Britain has passed its first big test of post-Brexit investor sentiment, with Calisen Group successfully listing on the main London market at a £1.3bn valuation in the biggest European flotation of the year so far.
The smart meter company, backed by US buyout group KKR, raised £328.8m by listing on the London Stock Exchange with a share issue at 240p apiece — just below the midpoint of its initial range of 225p to 265p. Shares moved higher in early trading. It was the largest UK domestic float since Trainline’s £1.1bn share sale last June.
Calisen’s float bolstered hopes of a revival in London initial public offerings, which had ebbed to the lowest level since the 2009 financial crisis. Just 34 companies joined the London Stock Exchange last year, less than half 2018’s total, with new equity raised shrinking from over £6bn to just £3.7bn, LSE data show.
Brexit uncertainties and sterling volatility have taken the blame for choking off the flow of new issues, as well as for UK market underperformance that made other venues more attractive for raising fresh capital. The FTSE All-Share gained just 14.2 per cent in 2019 while most US, European and global stock benchmarks all advanced by around 25 per cent.
“There is little suggestion the pipeline of companies ready to go public had slowed — it was more that political conditions didn’t support decent liquidity and valuations,” said Simon French, chief economist at Panmure Gordon.
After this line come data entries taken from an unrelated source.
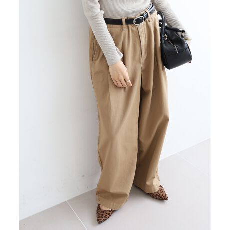 ゆるやかなカーブで丸みを帯びた、柔らかい印象のワイドチノパンツ。
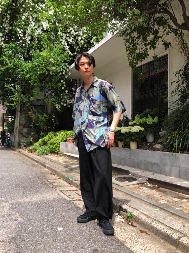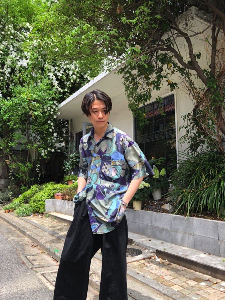 90s short sleeve silk shirt The cool purple, blue and green colors and the large artistic pattern make for a nice atmosphere.
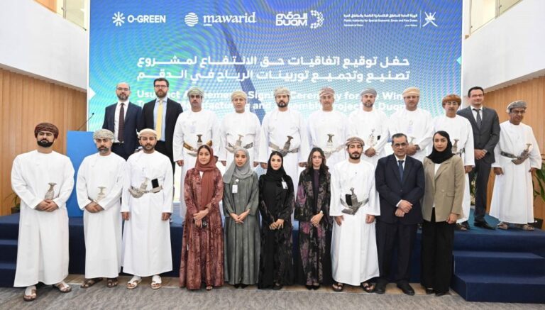 ويشكّل مشروع إنشاء مصنع لتصنيع توربينات الرياح في المنطقة الاقتصادية الخاصة بالدقم خطوة إستراتيجية لدعم تحول الطاقة وتنويع القاعدة الصناعية، ما يدعم مستهدفات رؤية “عُمان 2040”.

“There’s always a reason to delay a public offering if you look hard enough . . . But domestic uncertainty in the UK has undoubtedly pulled back from the elevated levels of the last few years. This makes it easier for firms looking to come to market and attract an investor base that is looking for added exposure to UK assets, having been underweight for a number of years.”
Globally, flotations have been getting more scarce as cheap debt financing and a glut of private capital have pushed back the need for companies to go public. The increasing influence of passive investment strategies may also have depleted the number of active fund managers able to support flotations.
Investors also point to the recent poor performances of Aston Martin Lagonda, the luxury carmaker, and specialist lenders Funding Circle and Amigo as knocking confidence in the quality of companies choosing to list in London. Floats designed for private equity to cash out also have a reputation problem following numerous high-profile flops including Saga, AA and Pets At Home.
Just five private equity-backed companies used London as their float venue last year, Bloomberg data show. They were also among the year’s top performers however, with Trainline and Watches of Switzerland, from the stables of KKR and Apollo respectively, both climbing more than 40 per cent to date.
Investors said that while New York would remain the default venue for technology IPOs, the depth of the UK capital market should allow London to retain a significant comparative advantage over central European jurisdictions. Private-equity backed companies said to be weighing up a UK float in the near future include Interswitch, the Lagos-based electronic payments group, and sector peer Paysafe. Dr Martens, the iconic bootmaker owned by Permira, and the Doughty Hanson-backed cinema chain Vue were candidates for flotation later in the year, according to brokers.
Calisen was acquired by KKR from Infracapital in 2016 at a reported price tag of about £1bn. The company, which is better known for one of its business units, Calvin Capital, leases smart meters to utility companies that then fit the devices in homes. It receives a monthly rent for 10-15 years as long as the device remains in a property.
Conditional dealings began on the LSE on Friday with shares rising to 249p in early London trade. Unconditional trading is due to start on Wednesday, February 12.